**What you have to do:**
Exactly reproduce the lines from the one containing "Alfombra verde marroquí" through the last line of the data, both ends included, leaving out pictures.

**Material provided:**

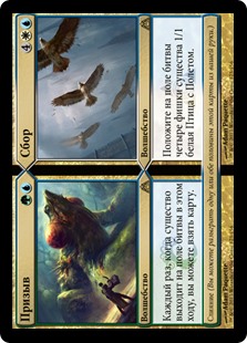 | Rules | Whenever a creature enters the battlefield this turn, you may draw a card. Fuse (You may cast one or both halves of this card from your hand.) // Create four 1/1 white Bird creature tokens with flying. Fuse (You may cast one or both halves of this card from your hand.) |
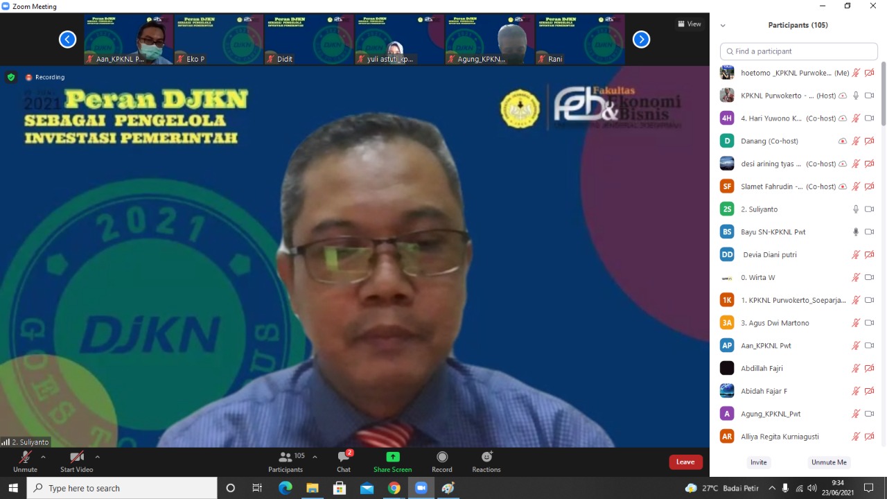 Peran DJKN dalam Pengelolaan Investasi Pemerintah dengan narasumber Kasubdit KND Sri Yuwono
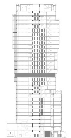 But there were problems with the design, so Swiss architect Harry Gugger was brought in as part of a “peer review” of the project. The owners (Credit Suisse Asset Management in Switzerland, SwissReal Investments in Vancouver) liked his ideas so much that he was brought in as the main architect.
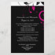 Dold och slående modern contemporarys svarta bröllopsinbjudan med vita och magenta accenter, med delikat kort rulla löv bakgrund. Anpassa onlinen med bröllop-informationen.
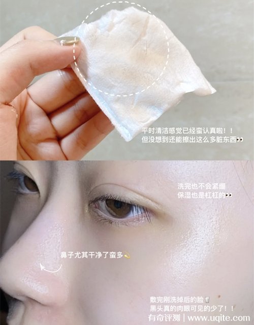 要注意的是,這款面膜的使用時(shí)間不要太長(zhǎng),差不多5分鐘就可以了,5分鐘后就可以用化妝棉把臉上的泡沫擦掉了,我平時(shí)覺得自己洗臉挺干凈的,結(jié)果一擦,化妝棉上都是黃色的化妝殘留物,看著有點(diǎn)惡心。
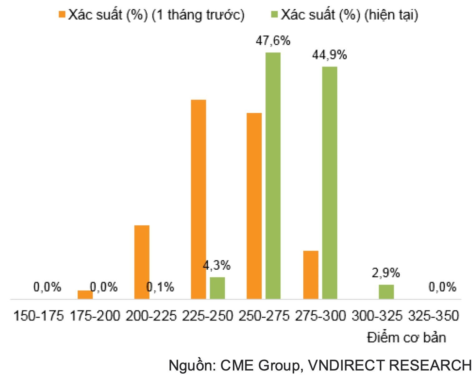 Tại cuộc họp gần đây nhất được tổ chức vào ngày 3-4/5/2022, Ủy ban Thị trường Mở Liên bang (FOMC) đã quyết định tăng lãi suất thêm 50 điểm cơ bản lên 0,75% đến 1,0%. Quyết định tăng lãi suất này đánh dấu mức tăng mạnh nhất được thực hiện trong một cuộc họp duy nhất kể từ tháng 5/2000. Các quan chức FED cũng gợi ý rằng họ sẽ tiếp tục tăng lãi suất điều hành trong năm nay với nỗ lực kiềm chế lạm phát. Theo khảo sát của CME Group, thị trường cho rằng FED có thể nâng lãi suất điều hành thêm 175 - 200 điểm cơ bản trong những tháng cuối năm 2022, lên biên độ mới trong khoảng 2,5% đến 3,0%.
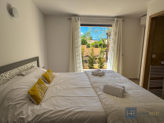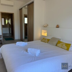 - Deux belles chambres lumineuses côté lagon, chacune avec un lit en 160 cm, placards, grande salle de douche avec WC, ouvrant sur une terrasse.
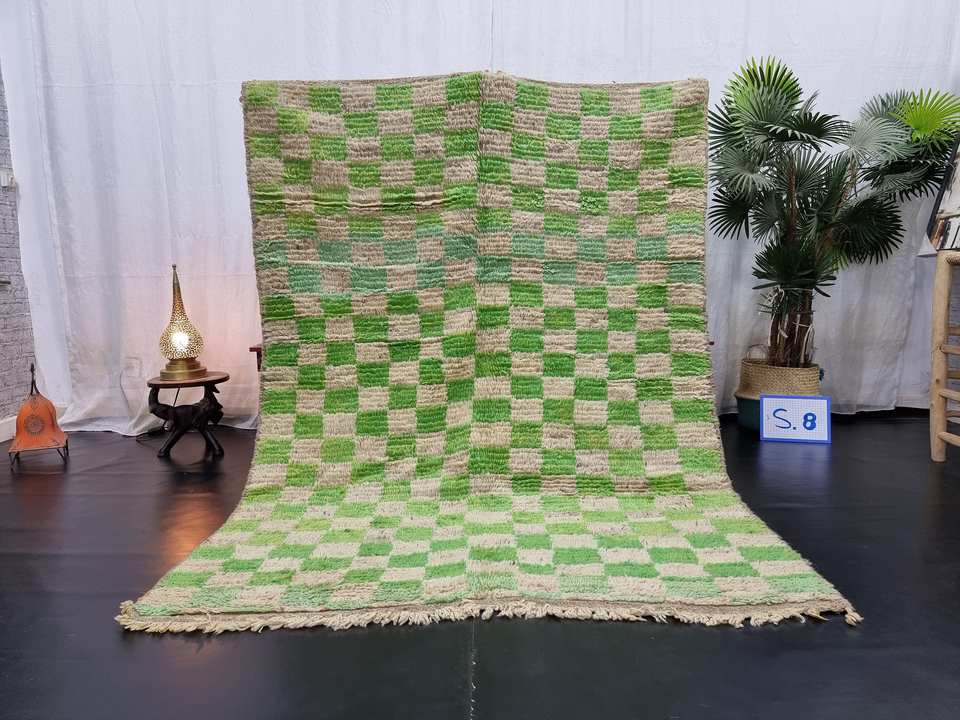 Alfombra verde marroquí hecha a mano Boujaad, diseño bereber a cuadros abstracto, pelusa de lana de invierno esponjosa para el espacio de la sala de estar del hogar
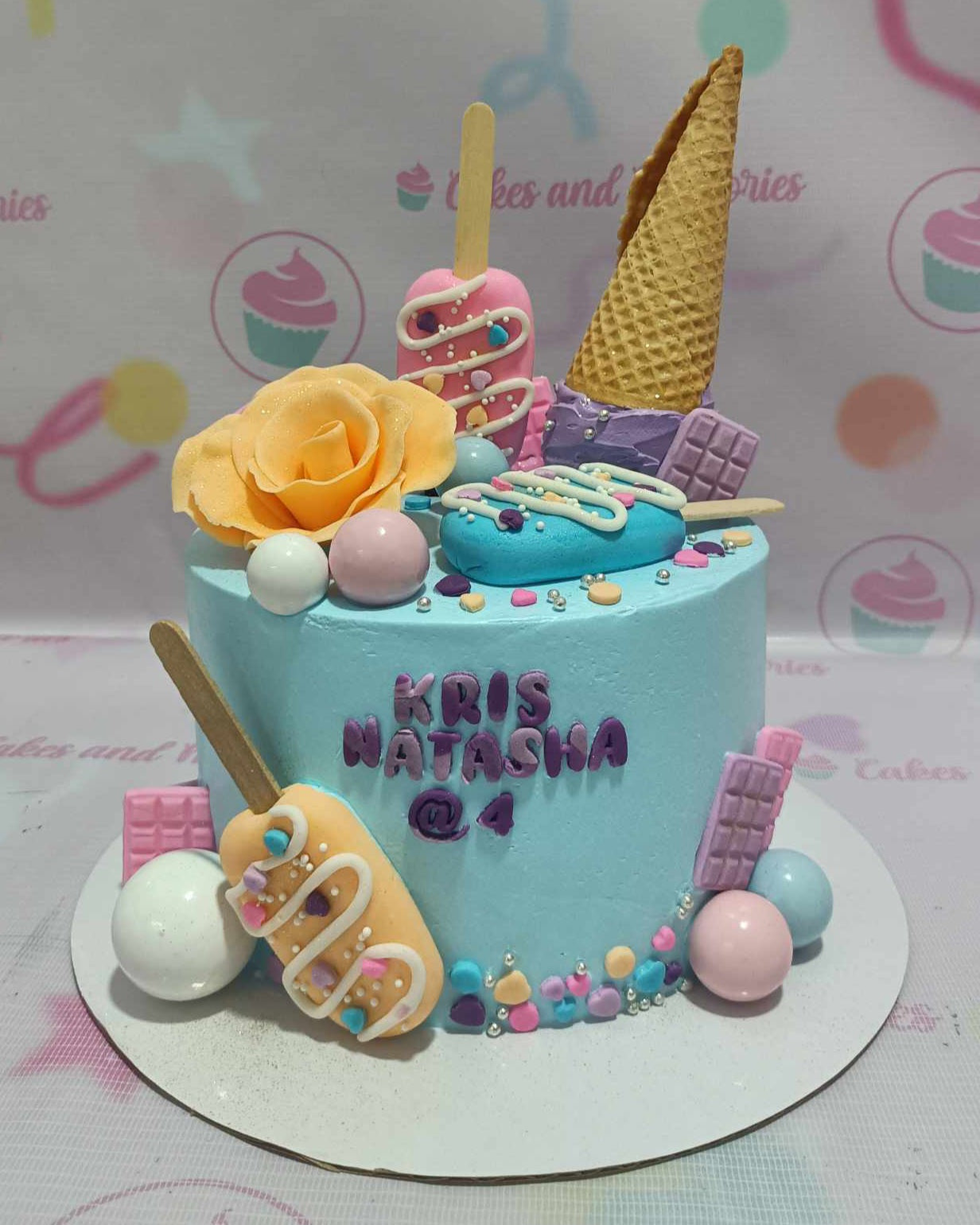 Light blue 1-tier birthday cake decorated with ice cream pops, a waffle cone, a yellow rose, and purple fondant letters.

**Exercise solution:**
 Alfombra verde marroquí hecha a mano Boujaad, diseño bereber a cuadros abstracto, pelusa de lana de invierno esponjosa para el espacio de la sala de estar del hogar
 Light blue 1-tier birthday cake decorated with ice cream pops, a waffle cone, a yellow rose, and purple fondant letters.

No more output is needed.